There were several iterations of model/solver tuning (as is always the case with optimization tools). In many cases, seemingly unintuitive routes may indeed turn out to be better! However, there are other scenarios that are more obviously incorrect. One example of an obviously incorrect solution is a driver driving down a side road to visit a node, coming back out to the main road to complete a different portion of a route and then revisiting that side road again later. Initially we did experience some of these peculiarities, but they were ultimately resolved with model/solver tuning. We tuned the following parameters to improve our optimization performance:

  • Maximum Solver Time Allowance: Google OR-Tools maximum solver time allowance parameter helps the solver to continue looking for better solutions as long as it stays within a time limit. There is a trade-off here because more time allows the solver to search for better solutions but too much time makes the software slow. Our investigation showed that after about 2 minutes for ~100 node blocks, the solution didn’t seem to improve much.
  • Cost Function Scaling: When we were optimizing for minimum travel time, nodes that were close together didn’t always seem to be in the correct order. We initially used minutes for our time matrix. Incidentally, Google OR-Tools routing solver only works on integer cost functions and several nodes were less than a minute from each other. We changed the time cost function units to seconds to avoid rounding errors and improve performance.
  • Local Search Algorithm: Google OR-Tools offers a handful of different local search algorithms. Local search algorithms allow the solver to escape local optima. We found that the guided local search algorithm worked better than Google OR-Tools automatic selection.
  • Vehicle Profile Customization: Several iterations were devoted to further customization of the OSRM vehicle profiles to ensure the vehicles followed the same practices as our nonprofit’s drivers.

Routing and Visualization

The final task was to transform the optimal customer order from Google OR-Tools into a usable format. Here we enlist the help of OSRM once again to define the turn-by-turn routes between the nodes. We visualize the routes on maps using the Python open-source library Folium.

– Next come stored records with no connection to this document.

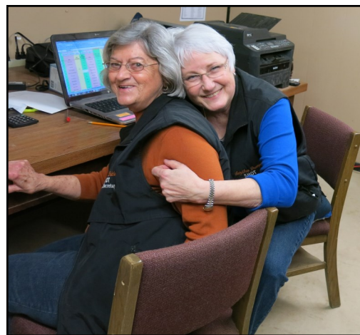
Can you feel the love? SHOT Secretaries are ready for 2013!
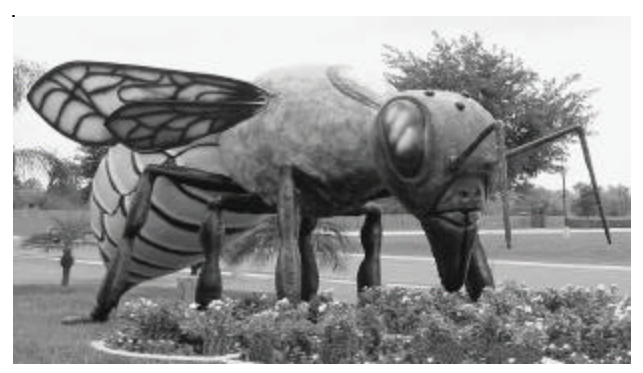
Hidalgo, Texas (Hidalgo County) is home to "The World's Largest Killer Bee," a statue built to commemorate the first colony of "Killer" Bees discovered in the city.

Either gentleman would have a hard time filling the 40-foot-tall pair of concrete cowboy boots sitting outside North Star Mall in San Antonio. However, if Tex or Sam needs a new chapeau, one can be found in Paris (Texas, of course) atop what is billed as the "Second Largest Eiffel Tower in the Second Largest Paris." Although the 65-foot replica of the famed Parisian landmark has been surpassed by a taller tower in Las Vegas, the Nevada version does not boast a jaunty red Stetson, itself 4 ½-feet tall. And if Tex and Sam needs to rest after his travels, he can sit a spell in the Star of Texas Rocker, a nearly 30-foot tall cedar rocking chair near Lipan.
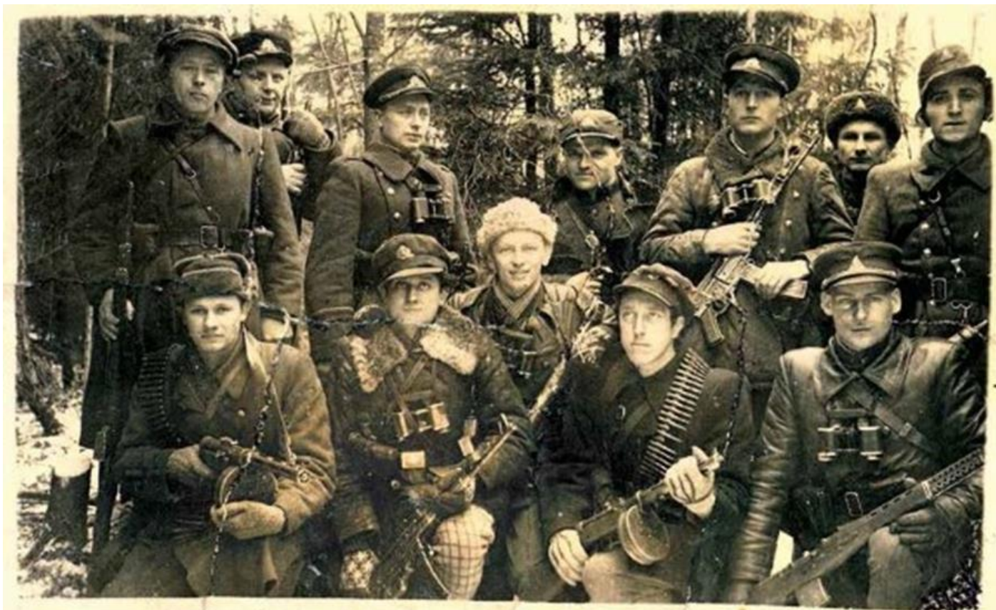
Vanagas (front, centre) with his “forest brothers”.

which spewed out of Moscow. Mr Putin's equivalent of a press secretary pronounced Vanagas (whose real name, incidentally, was Adolfas Ramanauskas) a fascist and murderer, a common criminal. That news grab was replayed often on Lithuanian TV and became almost like a comment itself.

Routing and visualization serves a couple functions. The first, and most obvious, is to provide the drivers with maps to follow the new, more efficient routes. Another function of routing and visualization is human/optimization co-existence for managing solutions. Visualization allows the nonprofit’s scheduling team to assess the optimization performance and instills confidence in the tool. It brings the human back into the loop and occasionally shows instances where the human may still just have more knowledge (e.g., certain roads might be inaccessible due to weather). To this end, we implemented a feature whereby the user could manually edit the solution and produce exactly the routes and maps they wanted for the driver.

Conclusions

  • We built a tool optimizing routing operations for a great cause. That tool will continue to improve SOIL’s operations through more efficient routing. It also automates some routing/scheduling efforts by quickly producing new solutions with changing conditions (e.g., adding/removing customers, modifications to vehicle fleet, changing depot/focal point locations).
  • Open source is a truly powerful thing. For this project, we used open source mapping data (OpenStreetMap), routing tools (Open Source Routing Machine), optimization tools (Google OR-Tools) and visualization (Folium). It made our project affordable and thus possible.
  • Routing optimization tools require lots and lots (and lots) of tuning. Data scientists have access to so many amazing tools (e.g., Google OR-Tools), but much of good data science and engineering work is iteratively customizing those tools to use to their full potential.

Acknowledgements

I want to thank my DataKind team and SOIL for the amazing experience. With great data comes great responsibility. We took that responsibility and ran with it, improving one small corner of the world through the work we love best.